KENDAL, RADARPEKALONGAN.ID – Polres Kendal menghadirkan beragam layanan bagi masyarakat dalam peringatan Hari Ulang Tahun (HUT) Bhayangkara ke-80. Mulai dari jalan sehat, pasar murah, bazar UMKM, hingga pelayanan SIM Keliling dan Samsat Keliling digelar di Stadion Kebondalem, Minggu (28/6/2026), dengan melibatkan lebih dari 600 peserta.
Kegiatan diawali dengan apel pagi dan pelepasan peserta jalan sehat dari Mapolres Kendal menuju Stadion Kebondalem. Setibanya di lokasi, peserta mengikuti rangkaian acara berupa ramah tamah, pembagian doorprize, bazar UMKM, pasar murah, pelayanan publik, serta aksi bersih-bersih stadion yang dilakukan secara bersama-sama.

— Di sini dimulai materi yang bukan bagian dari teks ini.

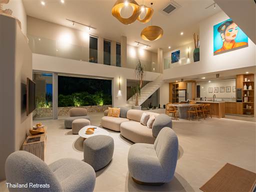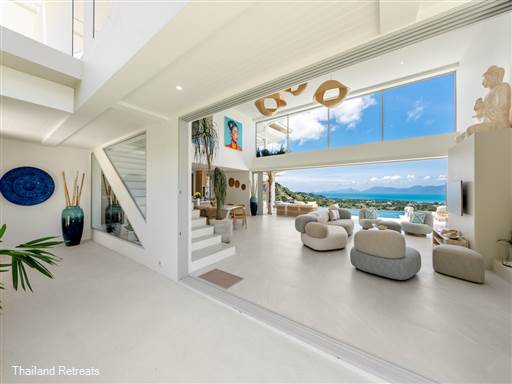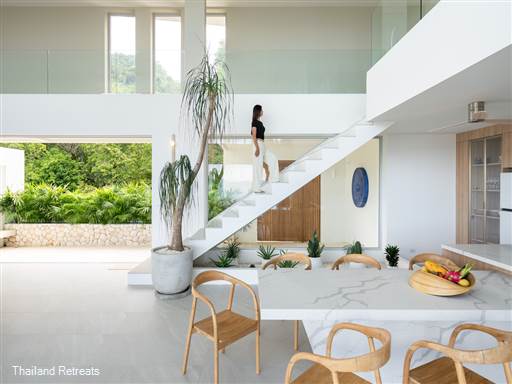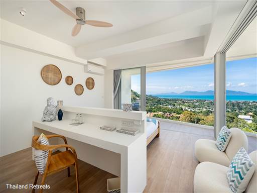 Bow Villa is a luxurious 4-bedroom sanctuary that redefines modern elegance in the heart of Koh Samui. Nestled high above the stunning landscape of BoPhut, this newly constructed villa offers breathtaking 180-degree views of the beautiful Koh Phangan Island, surrounded by lush tropical vegetation that provides both privacy and a sense of peace.

Hadir dalam kegiatan tersebut Kapolres Kendal AKBP Hendry Susanto Sianipar beserta istri, Dandim 0715/Kendal beserta istri, Wakapolres Kendal beserta istri, para pejabat utama Polres Kendal, anggota Saka Bahurekso, Ketua Bank Sampah, serta perwakilan dari BRI, Bank Mandiri, BNI, Bank Jateng, dan Pegadaian.
Baca Juga:Lomba Lari hingga Bazar UMKM Semarakkan Hari Bhayangkara ke-80 di Polres Pekalongan KotaHarga Telur Anjlok di Kendal, Pemkab Gelar Pasar Murah Bantu Peternak dan Masyarakat
Kapolres Kendal AKBP Hendry Susanto Sianipar menegaskan, peringatan HUT Bhayangkara ke-80 bukan sekadar seremoni seremonial, melainkan momentum strategis untuk memperkuat sinergi antara Polri dan masyarakat melalui pelayanan yang memberikan manfaat secara langsung dan nyata.
“Momentum HUT Bhayangkara ke-80 kami manfaatkan untuk semakin mendekatkan Polri kepada masyarakat. Melalui pasar murah, bazar UMKM, layanan SIM Keliling, Samsat Keliling, serta olahraga bersama, kami ingin menghadirkan pelayanan yang benar-benar dirasakan masyarakat sekaligus memperkuat kebersamaan dalam menjaga situasi kamtibmas yang aman dan kondusif,” tegas Hendry di hadapan peserta.
Ia mengatakan, pasar murah diselenggarakan untuk membantu masyarakat memperoleh kebutuhan pokok dengan harga yang lebih terjangkau di tengah kondisi ekonomi yang dinamis. Sementara itu, bazar UMKM menjadi ruang promosi bagi pelaku usaha lokal agar produk-produk mereka semakin dikenal masyarakat dan memiliki daya saing yang lebih kuat.
Selain itu, layanan SIM Keliling dan Samsat Keliling dihadirkan guna mempermudah masyarakat dalam mengakses pelayanan kepolisian dan administrasi kendaraan bermotor tanpa harus datang ke kantor pelayanan. Dengan adanya layanan jemput bola ini, diharapkan masyarakat dapat mengurus dokumen kendaraan dengan lebih mudah dan efisien.
Menurut Hendry, kolaborasi yang erat antara Polri, pemerintah daerah, dunia usaha, dan masyarakat menjadi kunci utama dalam menciptakan keamanan dan ketertiban yang kondusif, sekaligus mendukung pembangunan daerah secara berkelanjutan.